SKaiNET-developers · michalharakal · May 25, 2026 · May 25, 2026 · May 25, 2026 · May 25, 2026
diff --git a/CHANGELOG.md b/CHANGELOG.md
@@ -7,6 +7,125 @@ version line is kept in lock-step with the underlying SKaiNET engine
 The format roughly follows [Keep a Changelog](https://keepachangelog.com/en/1.1.0/),
 and this project adheres to [Semantic Versioning](https://semver.org/spec/v2.0.0.html).
 
+## [0.25.0] — 2026-05-25
+
+Version-aligned with **SKaiNET 0.25.0**. Skips 0.24.x — SKaiNET-transformers has
+been on 0.23.4 since 2026-05-08; the engine bumped 0.23.1 → 0.25.0 in the same
+window without a tagged 0.24.x release on either side.
+
+### Added
+
+- **`DTypePolicy` accepted on every `*NetworkLoader.fromGguf` / `.fromSafeTensors`
+  entrypoint.** SKaiNET 0.25.0 introduced the
+  [hybrid adaptive DSL with optional dtype constraints RFC](https://github.com/SKaiNET-developers/SKaiNET/pull/616)

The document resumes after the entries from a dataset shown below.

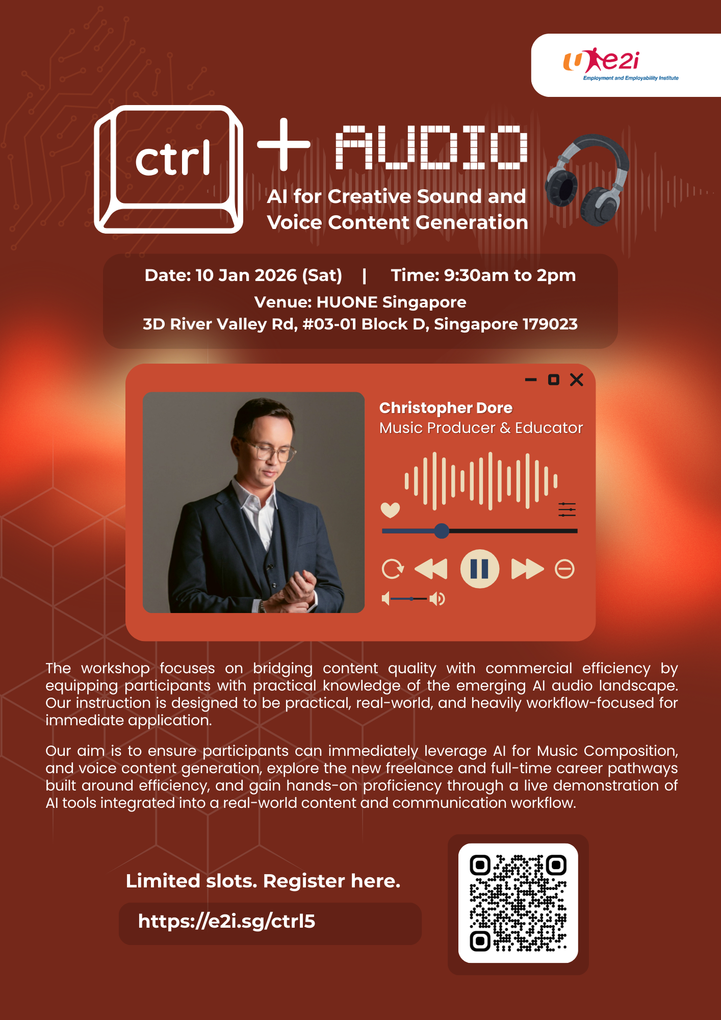 Our aim is to ensure participants can immediately leverage AI for Music Composition, and voice content generation, explore the new freelance and full-time career pathways built around efficiency, and gain hands-on proficiency through a live demonstration of AI tools integrated into a real-world content and communication workflow.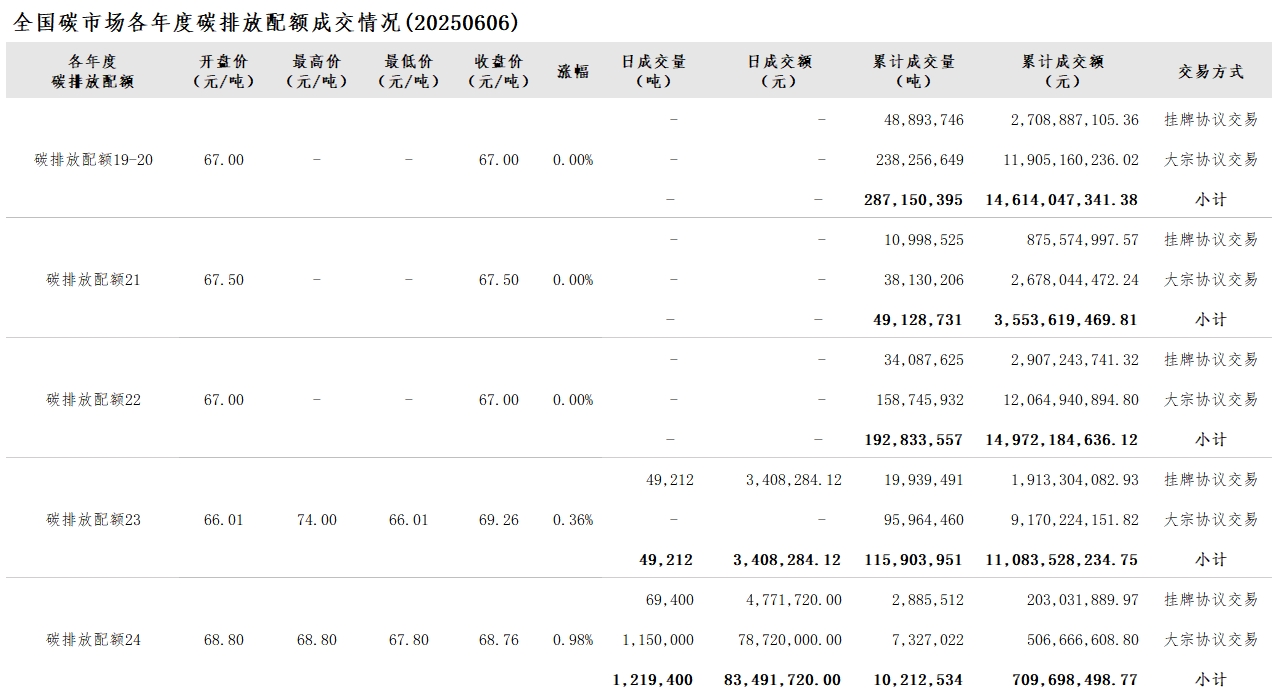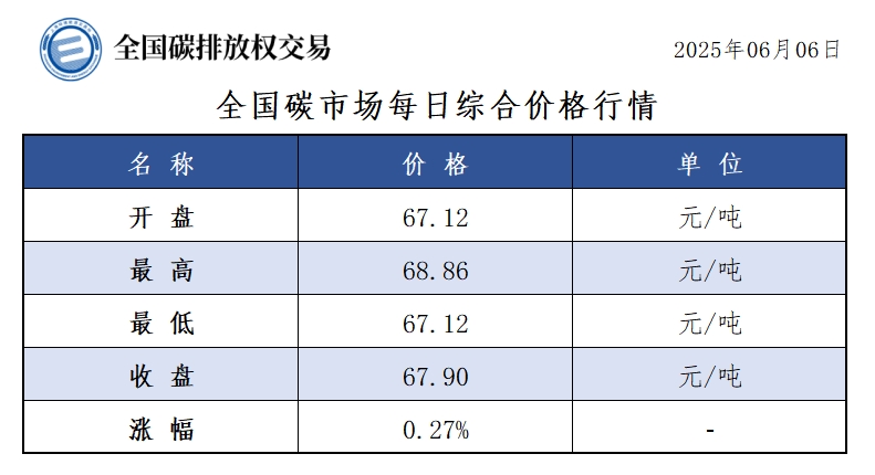 【CEA】全国碳市场每日综合价格行情及成交信息20250606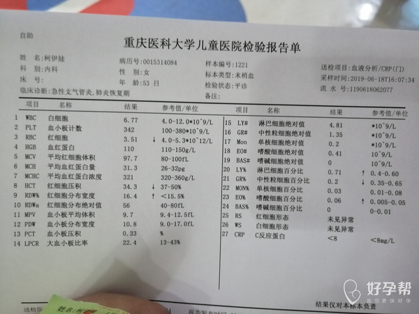 q前天去医院彩超,她是胃食管反流,医生说自己长长就好了。昨天查血,医生说是急性支气管炎,肺炎没好,开了些感冒药。

+  — a sealed `DTypePolicy` type (`Any | Require | Prefer | OneOf`) carrying
+  execution-side dtype intent through the loader / DAG / resolution pipeline.
+  `LlamaNetworkLoader`, `QwenNetworkLoader`, `GemmaNetworkLoader`,
+  `ApertusNetworkLoader`, and `VoxtralNetworkLoader` now each accept
+  `dtypePolicy: DTypePolicy = DTypePolicy.Any` on every public companion
+  factory. The policy is eagerly validated against the loader's actual
+  output dtypes at construction time (via the new
+  `sk.ainet.apps.llm.DTypePolicyValidation` helper), matching the SKaiNET
+  0.25.0 `StreamingGgufParametersLoader.validatePolicy()` /
+  `SafeTensorsParametersLoader.mapPolicyToBf16()` semantics:
+  - GGUF entrypoints accept `Any` / `Prefer` / `OneOf` / `Require(FP32)` and
+    reject `Require(BF16)` / `Require(FP16)` / `Require(other)` with the same
+    error messages as SKaiNET's own GGUF loader.

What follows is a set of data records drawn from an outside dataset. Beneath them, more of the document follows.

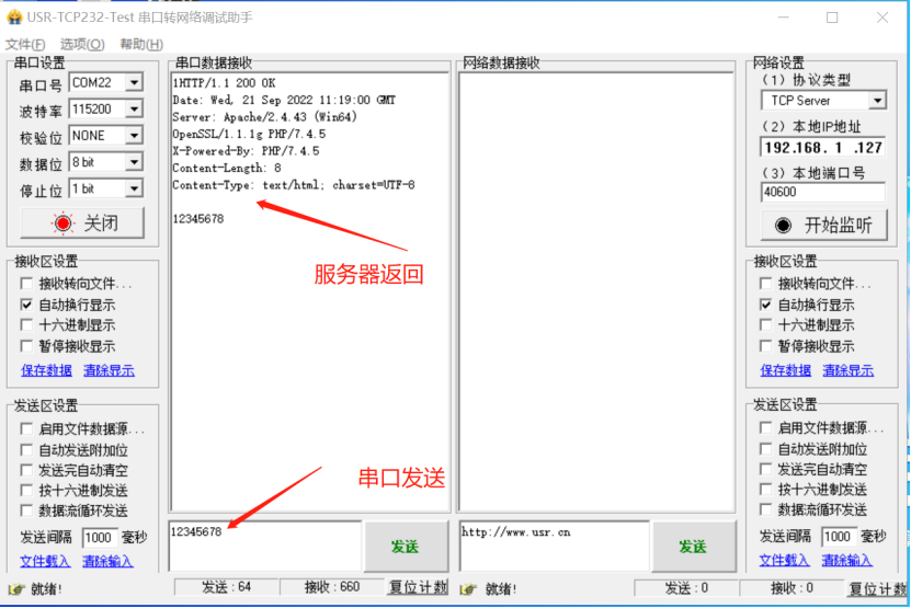 USR-TCP232-E2(M4) HTTPD POST模式測試案例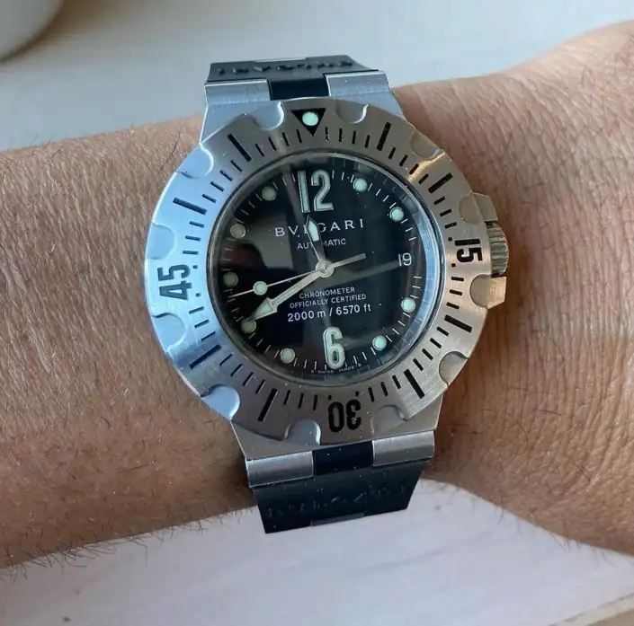 Un reloj que siempre me gustó y que conseguí comprar hace dos años a través de un comerciante de relojes de mi provincia. Y con la suerte de estar en excelente estado sin tener que pagar los cerca de 6K que costaba cuando salió el modelo por el 2.000, siendo uno de los relojes en metal no precioso del catálogo BVLGARI más caros. No era de extrañar porque entonces los relojes de lujo no se hacían con capacidades tan extremas para uso profesional.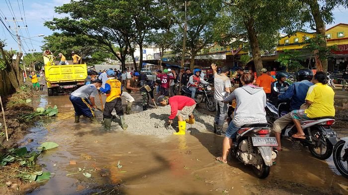Dilakukan penutupan lubang dengan kerikil dan juga pembersihan saluran air.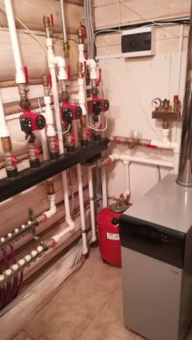 2. С этого коллектора идет подача на 3 контура - первый этаж, мансарда и ГВС. На первом и мансарде - свои коллекторы. Малые - коллектор первого этажа виден на картинке - блестящий. От них на каждую батарею - свой луч. (Наверно система - коллекторно-лучевая)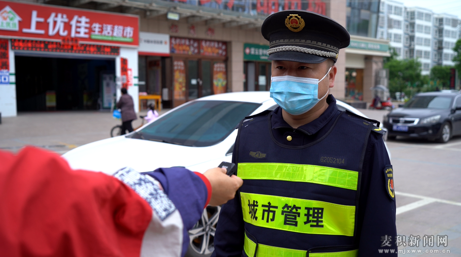 麦积城管闫俊岗:“五一假期,我们安排专人错时值班,加强巡查,做到节假日执法力量不减弱,管理标准不下降,加大对城市主次干道和临街商铺倚门经商和乱堆杂物等城市八乱现象的集中整治,改善城市面貌,提升城市形象,确保城市秩序整洁有序,市民出行畅通无阻,为广大市民全力营造一个安定和谐的节日环境!”

+  - SafeTensors entrypoints additionally accept `Require(BF16)` (matching the
+    `KEEP_NATIVE` precedent that `Bf16LoadPolicy.toDTypePolicy()` is built on
+    upstream).
+  - All entrypoints fall through with no behavioural change on the default
+    `Any` value, so the bump is fully back-compat.
+- **`decoderTransformerNetwork(dtypePolicy = …)`** parameter on the shared
+  decoder-only builder in `llm-core` — declarative slot for the top-level
+  block policy. Forward-compat surface; not yet propagated into the underlying
+  `DagBuilder.op(..., dtypePolicy = …)` slot SKaiNET 0.25.0 introduced
+  (`HybridTransformerBlock.compile()` will read this in a follow-up). Setting
+  a non-`Any` value compiles today and starts taking effect when the
+  compile-step plumbing lands — no API change at consumers.

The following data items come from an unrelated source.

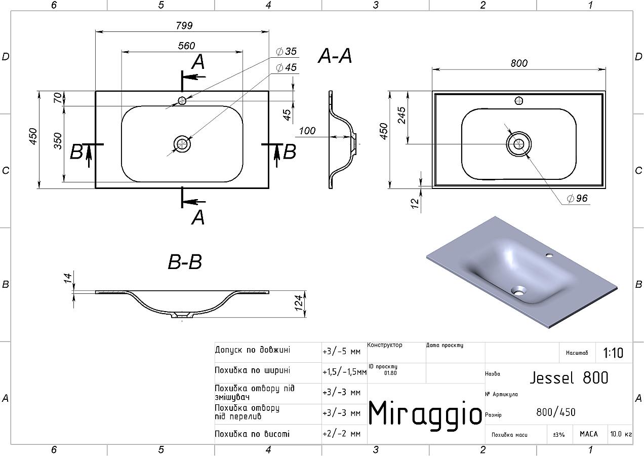 Заводський стандарт моделі JESSEL 800 передбачає отвір під змішувач. Опціонально можна замовити умивальник без отвору. Додатково донний клапан клік-клак можна замовити на сайті.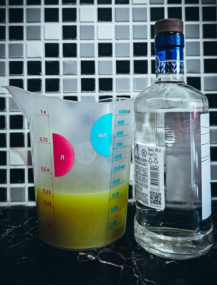 Водяйра 400 (берем хорошую, любимую. Можно сэм или спирт но граммовки поменяются или белый ром)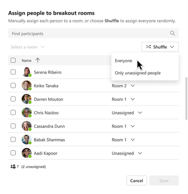 En tant qu’organisateur, co-organisateur ou gestionnaire de salles de réunion, vous pouvez utiliser les nouvelles fonctionnalités de la fonction Shuffle pour affecter les participants de manière aléatoire aux salles, soit avant la réunion, soit pendant la réunion en direct. Vous pouvez décider de mélanger tout le monde ou de ne mélanger que les participants non affectés afin de redistribuer les participants de manière égale dans les salles existantes.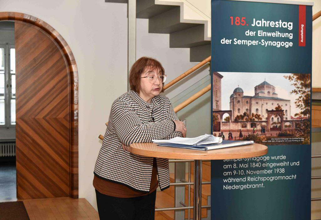 Nach einer weiteren musikalischen Pause übergab Konstantin Arkush das Wort an Frau Jelena Tanajewa von der Jüdischen Gemeinde Dresden. Ihr Vortrag über die Geschichte der Dresdner Gemeinde dauerte etwa 15 Minuten und wurde mit Applaus begrüßt.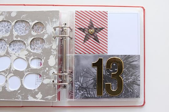 Day 13 so far includes the gold numbers adhered to the pinecone pattern. Above it I added one of the bokeh transparent stars + a gold glitter heart + a silver mini brad on top of the red stripe pattern paper.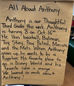Inside my classroom on a Monday morning, I hear my third graders out at their lockers, buzzing, “Who is the Thoughtful Third Grade?” They look on the wall and see the lucky student’s name, picture and acrostic poem hanging up. Another third grader will have the spotlight this week!

+- **SafeTensors BF16 KEEP_NATIVE** in `DecoderSafeTensorsLoader`. When the
+  consumer attaches a `DTypePolicy` that admits BF16 (`Require(BF16)`,
+  `Prefer(BF16)`, or `OneOf` containing BF16), the loader stops dequanting
+  BF16 tensors and instead wraps the packed 2-bytes-per-element buffer in
+  `Bf16DenseTensorData`. The matmul dispatch in `DefaultCpuOpsJvm` (SKaiNET
+  0.25.0) detects `Bf16TensorData` at runtime and routes to the SIMD BF16
+  kernel — so a BF16 SafeTensors checkpoint now stays near its on-disk
+  footprint in RAM instead of inflating ~2× to FP32. Threaded through
+  `LlamaNetworkLoader` / `QwenNetworkLoader` / `VoxtralNetworkLoader`
+  (each forwards `loader.dtypePolicy` into the
+  `DecoderSafeTensorsLoader<T>(ctx, T::class, metadata, tied, dtypePolicy)`
+  constructor). The default value remains `DTypePolicy.Any` — adaptive
+  FP32 dequant, no behavioural change for existing callers. Validation
+  errors still fire at the `LlamaNetworkLoader.withDtypePolicy(...)`
+  boundary: `LlamaNetworkLoaderDTypePolicyTest` pins each policy arm.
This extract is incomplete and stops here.